Dear Teachers and all of my friends.
Here is the Link : 
http://gma.yahoo.com/video/squinching-look-good-every-photo-124510638.html

After you see/ Read this link, What do you think about the " Squinching look " for Portrait Photographer ?
For my Technique, I use to let my models say" Money" which make every one smile, and It work for me every time---May be "Money" words make every model " Squinching their eyes at " Nee " words ( ??)
Nice to talk to you, Sir.
Surapon


----------



## Mt Spokane Photography (Nov 23, 2013)

Photoshop users routinely open up the eyes of subjects like that. They may even move them. Its something to learn, since you may have only one photo and need to make it look like the person is in real life.


----------



## surapon (Nov 24, 2013)

Mt Spokane Photography said:


> Photoshop users routinely open up the eyes of subjects like that. They may even move them. Its something to learn, since you may have only one photo and need to make it look like the person is in real life.

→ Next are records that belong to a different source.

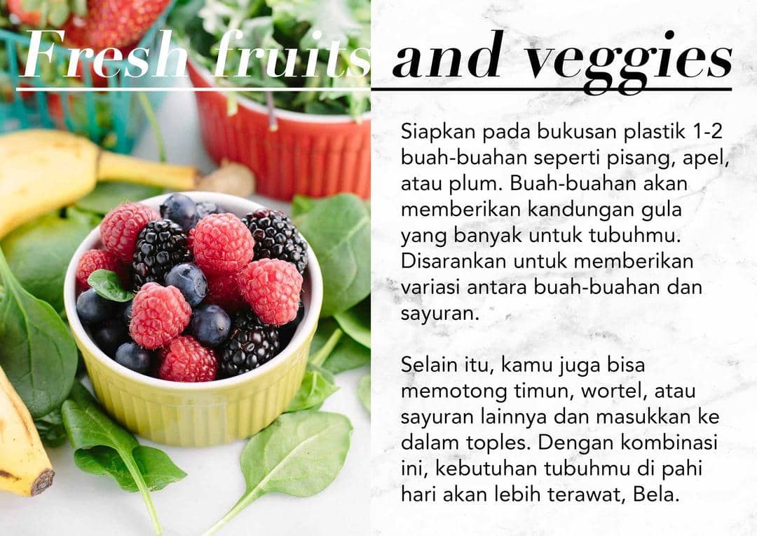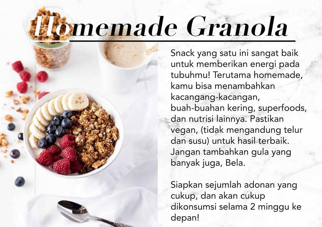 Sarapan adalah menu terpenting dalam keseharian kamu, Bela. Sudahkah kamu mencoba membuat green smoothie atau breakfast porridge? Bila kamu termasuk salah satu wanita sibuk yang mungkin nggak memberikan waktu yang cukup untuk sarapan, bila kamu memiliki jadwal yang penuh dan sibuk, pastikan setidaknya kamu sarapan, Bela.
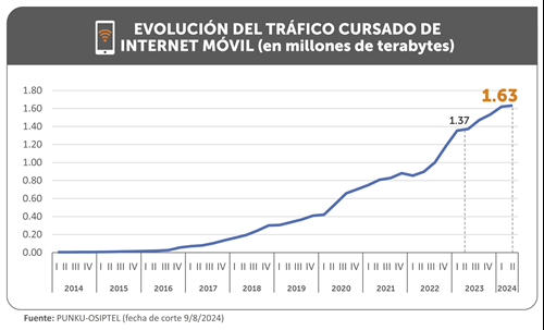 Tal como se evidencia en el portal informativo PUNKU (https://punku.osiptel.gob.pe/), otro indicador que confirma que la demanda por conectividad continúa en ascenso fue el tráfico de datos móviles cursado desde teléfonos móviles, que durante el segundo trimestre del 2024 alcanzó 1.63 millones de terabytes (TB), 18.91 % más que lo registrado en el mismo periodo del año anterior.
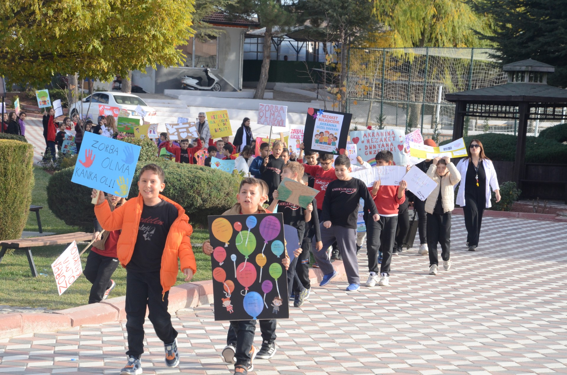 Davranış ve Nezaket Dersi kapsamında yapılan, rehber öğretmeni Deniz Uçar Cengiz ve drama dersi öğretmeni Derya Göncü koordinesinde düzenlenen yürüyüşte öğrenciler, aileleriyle birlikte hazırladığı “Zorba olma kanka ol”, “Zorbalık yok dostluk çok”, “Zorbalık küçültür iyilik büyütür” yazılı dövizlerle yürüdü.
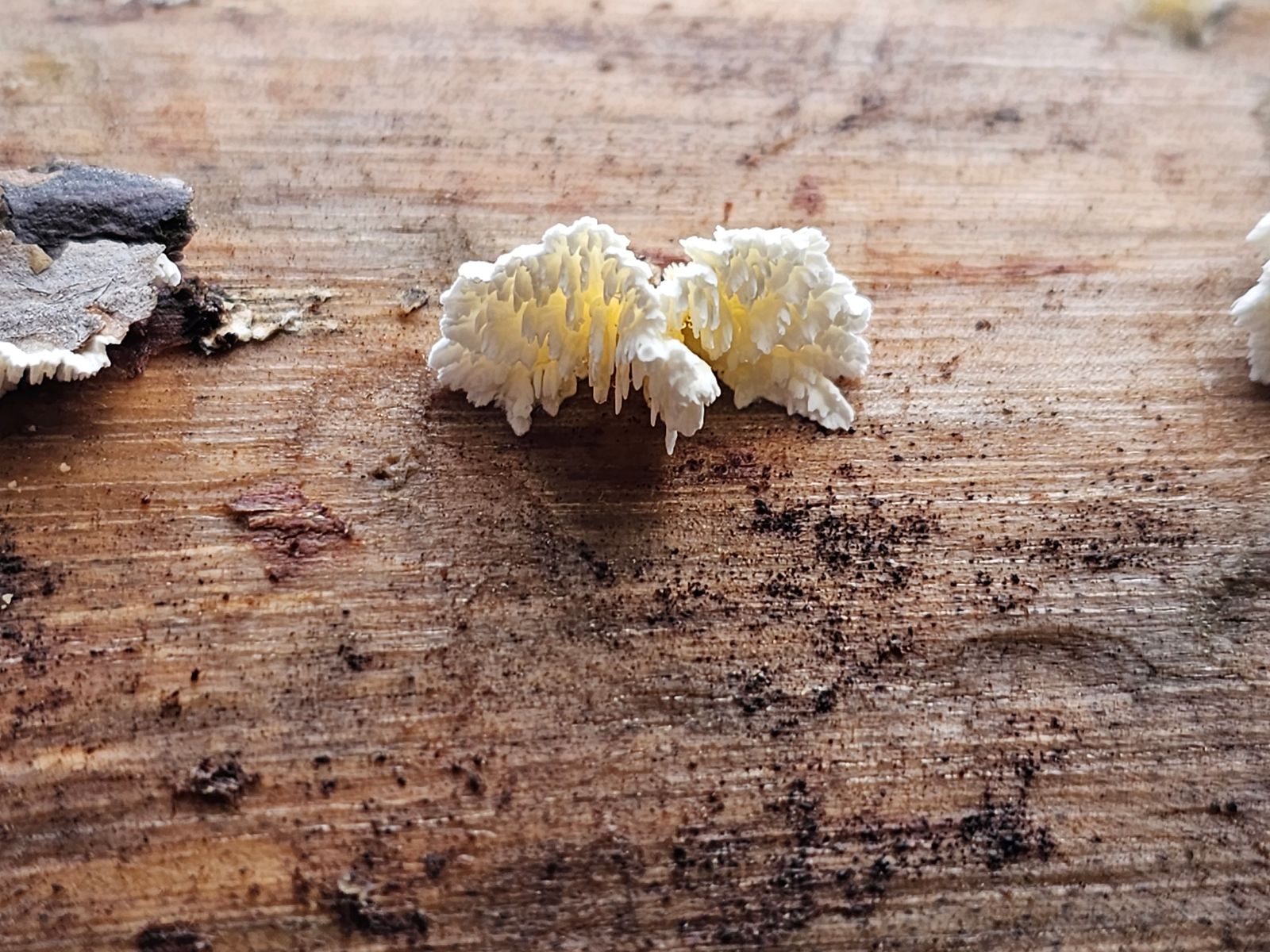 Ich will mir jetzt ab und zu auch ein paar Aphyllophorales anschauen. Der hier ist typisch für Kiefernwälder: Irpicodon pendulus.
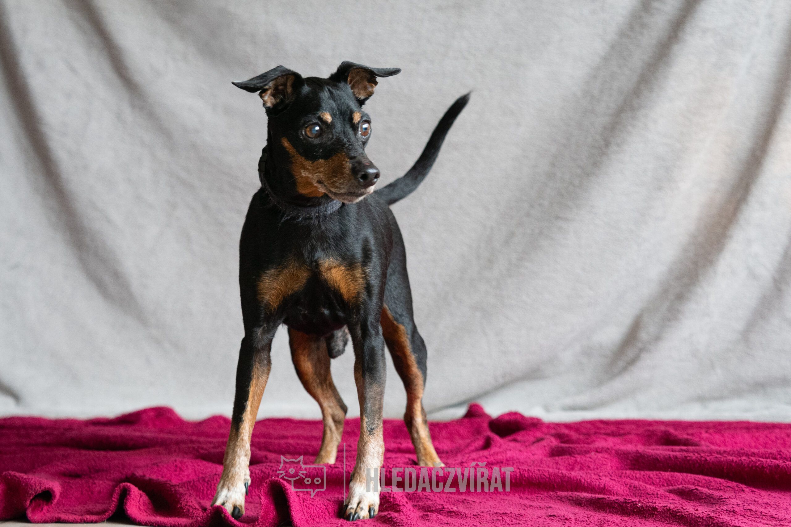 Fred je 14tiletý trpasličí pinč, drobný kluk s váhou pouhých 6 kg.

Thank you, Dear Teacher Mr. Mt Spokane.
Well, My Photoshop skill still in Low level, Because I use very minimum for my Photos, Just 3-4 Commands.
But, I will go back to the Photoshop School at my Local Community College in this comming Spring Semester.
Yes, So many time that we have only one photo that we love, But that Picture have some Fault, and we must do the best to get it correct.
Have a great Night, Sir.
Surapon


----------



## chilledXpress (Nov 24, 2013)

Nice link. I run a portrait business and this is one of the harder things to describe to clients. I call it smiling with the eyes and it is essentially the "squinch". The "squinch" happens naturally with a soft smile but that is harder to duplicate on the spot or convey. His other video on the Jaw line is crucial also. It feels artificial but looks great when reviewing the images. Once a client sees what you're after, they more than cooperate. I often tell subjects a photograph isn't reality, its a chance to present the persona you want people to see. This all comes with experience and as a photographer the best way to gain this is by using professional models... they know exactly how to pose to maximize their natural assets. When you can effectively convey your motives and direction, coaching everyday clients is much easier. Unfortunately this is often the most difficult aspect to master as a portrait photographer. 

Hurley is a big fan of the X100S too btw


----------



## Valvebounce (Nov 24, 2013)

Hi Mr Surapon.
I think I just found a big reason I hate being in front of a camera! I always look startled. ;D I'm no pro, in fact far from it, but this will help when I do have to take portraits of the family etc. Going to have a look at the rest of his series too.
Very helpful link, thank you sir.

Cheers Graham.


----------



## surapon (Nov 24, 2013)

chilledXpress said:


> Nice link. I run a portrait business and this is one of the harder things to describe to clients. I call it smiling with the eyes and it is essentially the "squinch". The "squinch" happens naturally with a soft smile but that is harder to duplicate on the spot or convey. His other video on the Jaw line is crucial also. It feels artificial but looks great when reviewing the images. Once a client sees what you're after, they more than cooperate. I often tell subjects a photograph isn't reality, its a chance to present the persona you want people to see. This all comes with experience and as a photographer the best way to gain this is by using professional models... they know exactly how to pose to maximize their natural assets. When you can effectively convey your motives and direction, coaching everyday clients is much easier. Unfortunately this is often the most difficult aspect to master as a portrait photographer.
> 
> Hurley is a big fan of the X100S too btw



Thank you, Sir, Dear chilledXpress .
Yes, Thanks for comments from the Pro like you, Yes, Me too, It very difficult to tell the Model to post as the best as natural as they can, But, They want to look like the Hollywood movie stars.
Have a great Sunday, Sir.
Surapon


----------



## surapon (Nov 24, 2013)

Valvebounce said:


> Hi Mr Surapon.
> I think I just found a big reason I hate being in front of a camera! I always look startled. ;D I'm no pro, in fact far from it, but this will help when I do have to take portraits of the family etc. Going to have a look at the rest of his series too.
> Very helpful link, thank you sir.
> 
> Cheers Graham.




Good Sunday morning, Dear Graham.
Well, We learn some thing new in every days, Special from this great CR web site, from each other.
Have a great sunday, Sir.
Surapon


----------